The city of Vancouver, Canada, held municipal elections on November 17, 1990. Canadian citizens who were over 18 years of age at the time of the vote, and had been a resident of Vancouver for the previous 30 days and a resident of B.C. for the previous six months, were able to vote for candidates in four races that were presented on one ballot. In addition, Canadian citizen non-resident property owners were eligible to vote.  For the first time, the City used Provincial Voters List as basis for City's List of Electors. 133,107 out of 257,352 voters cast ballots for a turnout of 52%.

Mayor Gordon Campbell, of the Non-Partisan Association (NPA) was elected for a third term. However, NPA's representation on council was reduced, tying with the Coalition of Progressive Electors for five seats each. NPA later regained control of council through a byelection in 1992. This was Campbell's final term as mayor, before entering provincial politics as leader of the British Columbia Liberal Party in 1993.
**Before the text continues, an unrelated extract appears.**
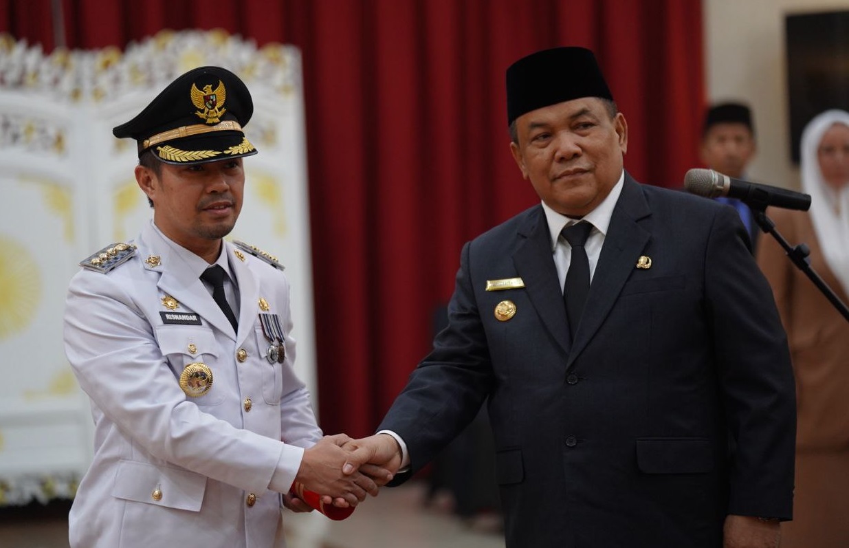 Penjabat (Pj) Gubernur Riau, SF Hariyanto saat melantik Risnandar Mahiwa sebagai Pj Wali Kota Pekanbaru beberapa waktu lalu.--istimewa

The following candidates were elected for a three-year term:

 Mayor - Gordon Campbell (NPA) 
 Councillors 
 Don Bellamy (NPA)
 Tung Chan (NPA)
 Libby Davies (COPE)
 Bruce Eriksen (COPE)
 Philip Owen (NPA)
 Gordon Price (NPA)
 George Puil  (NPA)
 Harry Rankin (COPE)
 Patricia Wilson (COPE) 
 Bruce Yorke (COPE) (resigned in 1992, replaced through a byelection by Lynne Kennedy (NPA))
 School Trustees
 Anne Beer (NDP)
 William Brown (NPA)
 Bill Bruneau (NDP)
 John Cheng  (NPA)
 Kenneth Denike  (NPA)
 Craig Hemer  (NPA)
 Ruth Herman (COPE)
 Ian Kelsey (NPA)
 Gary Onstad (COPE)
 Park Commissioners
 Malcolm Ashford (NPA)
 Nancy Chiavario (NPA)
 Dermot Foley (COPE)
 Tim Louis (COPE)
 Jean Porteous (NPA)
 Gerry Thorne (NDP)
 George Wainborn (NPA)

A number of referendum was included on the ballot.  Vancouver voters approved new funds for a new main library, parks and recreation facilities and public works, but rejected an initiative seeking $500,000 to build a new otter habitat at the Stanley Park zoo.